> **Description of the task**: The expected answer is the data below, printed verbatim without its pictures.

****************

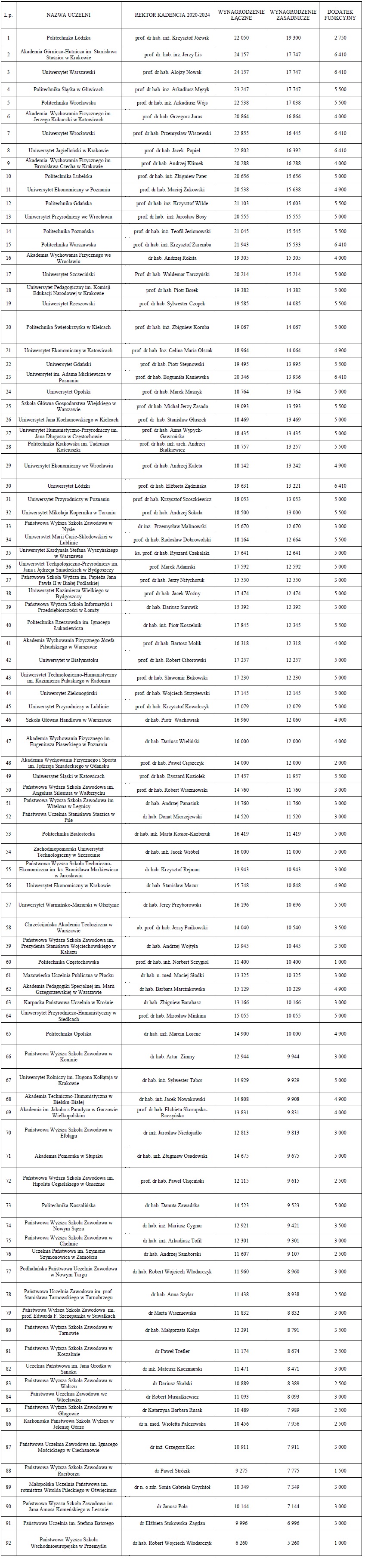 W tabeli 1. przedstawiono zasadnicze wynagrodzenie rektorów wraz z dodatkiem funkcyjnym obowiązujące w latach 2020–2024.
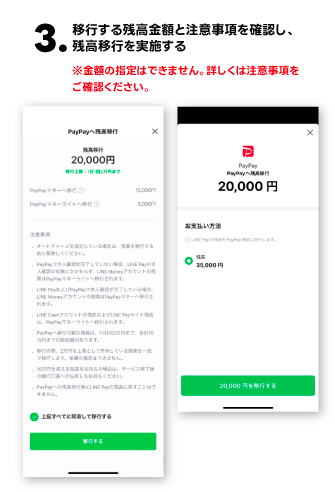 ・「PayPay」への残高移行後は「LINE Payの残高」に戻すことはできない
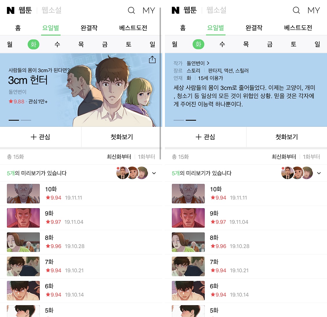 | [2019년 11월 기준] 취향 따라! 네이버웹툰 토요일 연재작 리뷰 (후기/추천) (0) | 2019.12.07 |
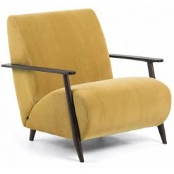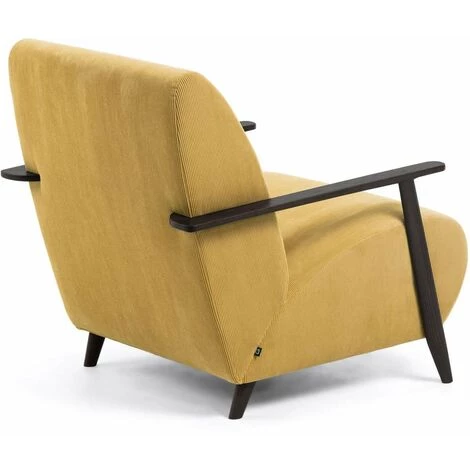 Fauteuil Meghan velours côtelé moutarde et pieds en bois massif de frêne finition wengé
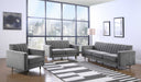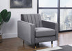 Cozy up to the comfort of this Lola Chair. Its rich color adds a jolt of excitement and fun to your space, shaking things up in a neutral-colored room. The back is channel tufted for a beautiful, contemporary look and to help the back cushioning maintain its welcoming loft. Elegant slant-tipped legs with tips lend this chair a charmingly modern finish and provide a sturdy foundation. Add it on its own, or add the matching sofa and loveseat for a coordinated look.
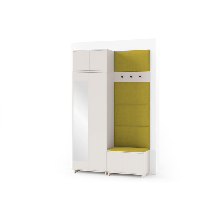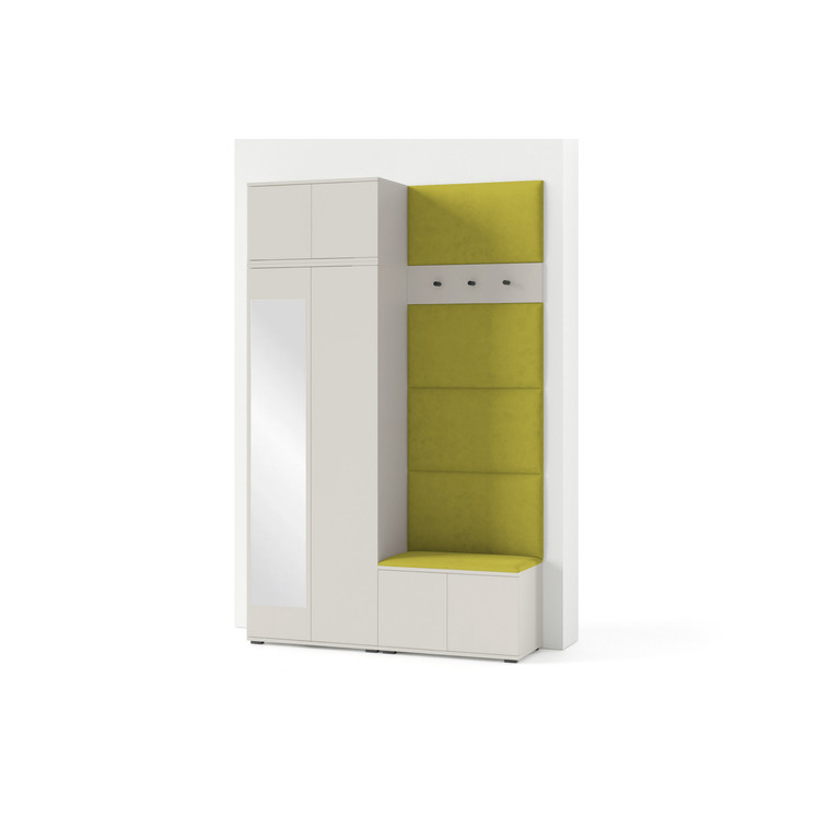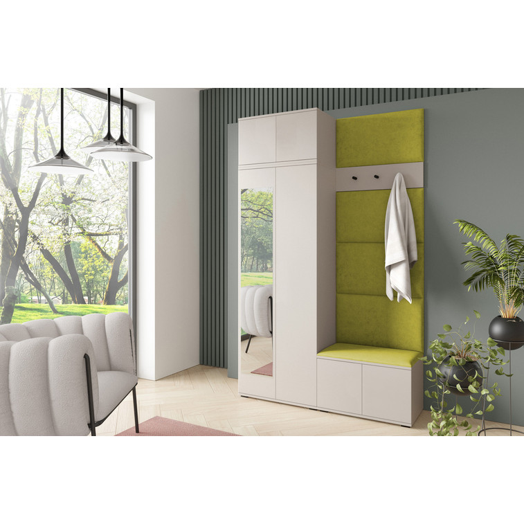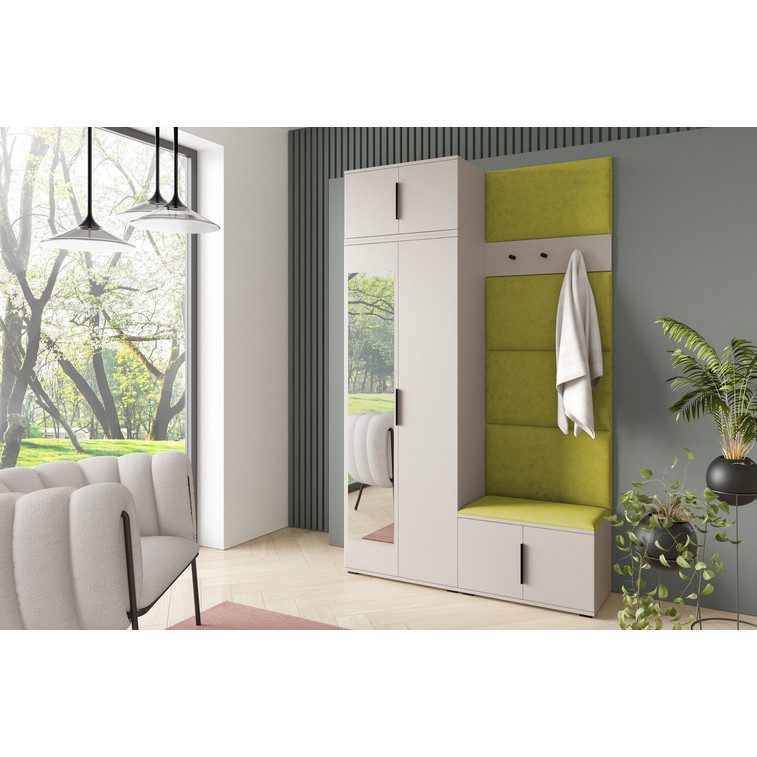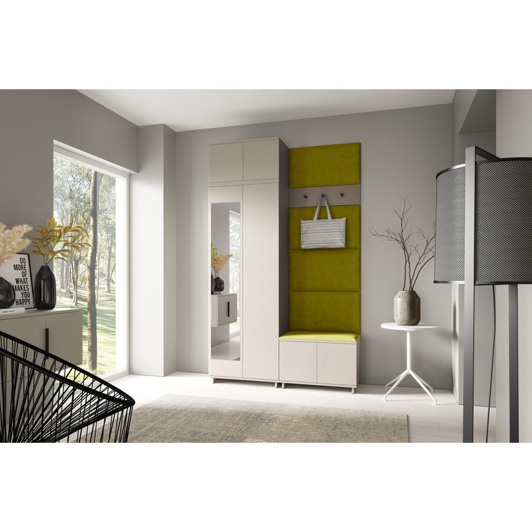 Je to praktický prvok do vstupných priestorov vášho domu. Predsieňová stena obsahuje čalúnené panely, ktoré sa montujú priamo na stenu za pomoci lepidla. Poťah panelov je tkanina Trinity. Predsieňová stena sa skladá z niekoľkých častí. Táto sada obsahuje: 1x šatníkovú skriňu, 1x nadstavba, 1x botník, vešiak, 5 panelov.

****************

> **Exercise result**:
 W tabeli 1. przedstawiono zasadnicze wynagrodzenie rektorów wraz z dodatkiem funkcyjnym obowiązujące w latach 2020–2024.
 ・「PayPay」への残高移行後は「LINE Payの残高」に戻すことはできない
 | [2019년 11월 기준] 취향 따라! 네이버웹툰 토요일 연재작 리뷰 (후기/추천) (0) | 2019.12.07 |
 Fauteuil Meghan velours côtelé moutarde et pieds en bois massif de frêne finition wengé
 Cozy up to the comfort of this Lola Chair. Its rich color adds a jolt of excitement and fun to your space, shaking things up in a neutral-colored room. The back is channel tufted for a beautiful, contemporary look and to help the back cushioning maintain its welcoming loft. Elegant slant-tipped legs with tips lend this chair a charmingly modern finish and provide a sturdy foundation. Add it on its own, or add the matching sofa and loveseat for a coordinated look.
 Je to praktický prvok do vstupných priestorov vášho domu. Predsieňová stena obsahuje čalúnené panely, ktoré sa montujú priamo na stenu za pomoci lepidla. Poťah panelov je tkanina Trinity. Predsieňová stena sa skladá z niekoľkých častí. Táto sada obsahuje: 1x šatníkovú skriňu, 1x nadstavba, 1x botník, vešiak, 5 panelov.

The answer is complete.